"I might as well settle in," Anna told me one fall day in 1993. We had both moved to New York along with about a quarter of our graduating class the year before. "I kept thinking I would start my life someday, and was living out of boxes, until I realized that I was living my life. This is my life!" So she decorated and made a home in her new railroad rental apartment in Chelsea.
I remember at the time wondering when it would feel like I was actually living my life instead of preparing for it. I'd had this idea in my head that the worst day to die was the day after graduating from college. All those years preparing, and the day you could start to do something, finito. That's the way I thought of it. And in 1993 it still felt to me like I hadn't started, hadn't found my groove.
It took me until I proposed to my wife in 2002 to actually feel like I was ready to have my life, and not until our daughter arrived in the fall of 05 that I actually started to believe I was living something that felt, to me, "real."
Getting to know our daughter has completely re-calibrated what "real" living feels like to me, however. Sharing my days with her feels completely real and fulfilling. To me a hug, or holding hands with her and my wife for a stroll after dinner is as "real" as I've ever felt doing anything.

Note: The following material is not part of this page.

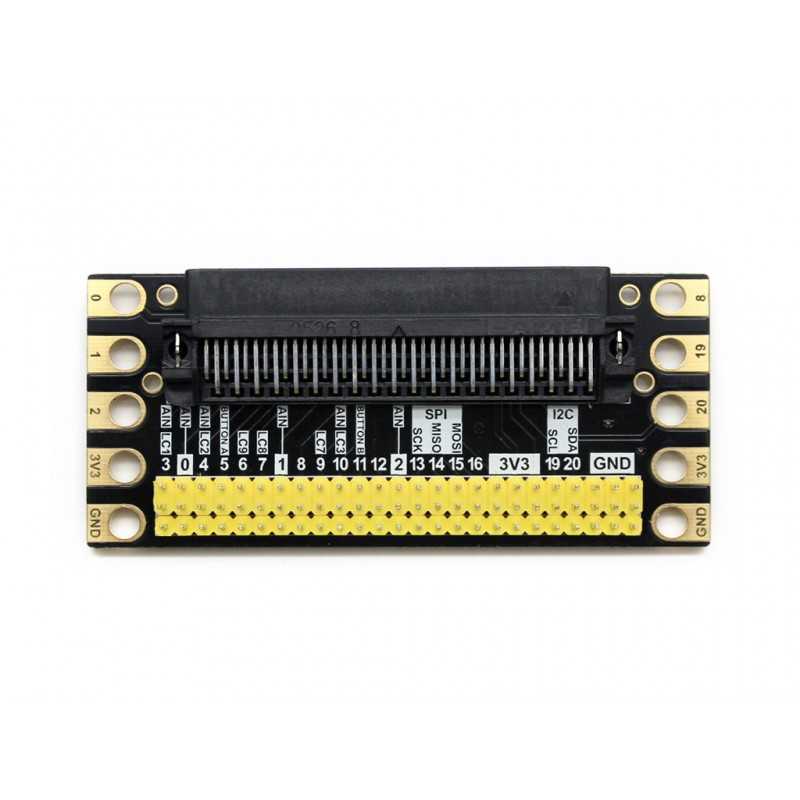 This is an edge connector expansion board designed for micro:bit, breakout the I/O pins to 2.54mm pitch pinheaders for easy use.
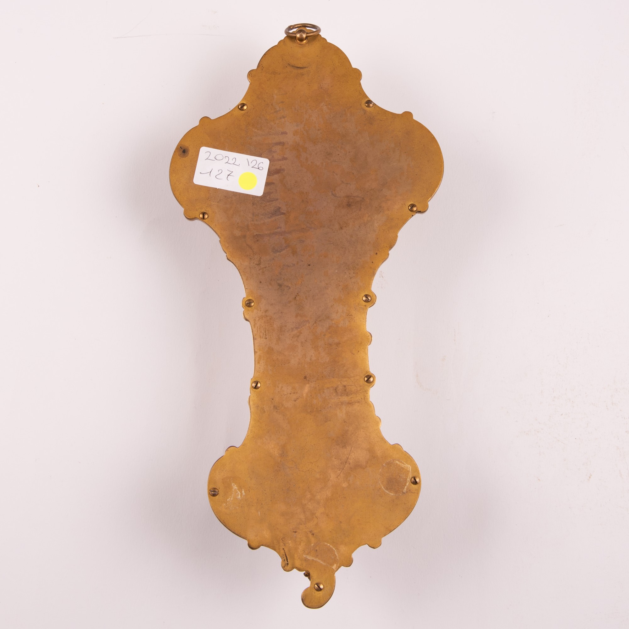 Croce ed acquasantiera in bronzo Napoleone III a smalti Cloisonnè seconda metà del XIX secolo cm 32x15,5

And to me every day Catalina spends of her 2 year old self is immensely exciting, but is experientially, it seems to me, a full life, rather than a preparation for some other experience that will be, finally, "real." I find that now at 38 years old I relish things I don't know and learning, much more than things I know, or think I know. And Catalina spends pretty much every minute of her day learning and exploring in this perfect state of practicing.
That's why they say, I guess, that life is about the journey, not the destination. And in life, certainly, the destination is very gravely not a point to rush towards.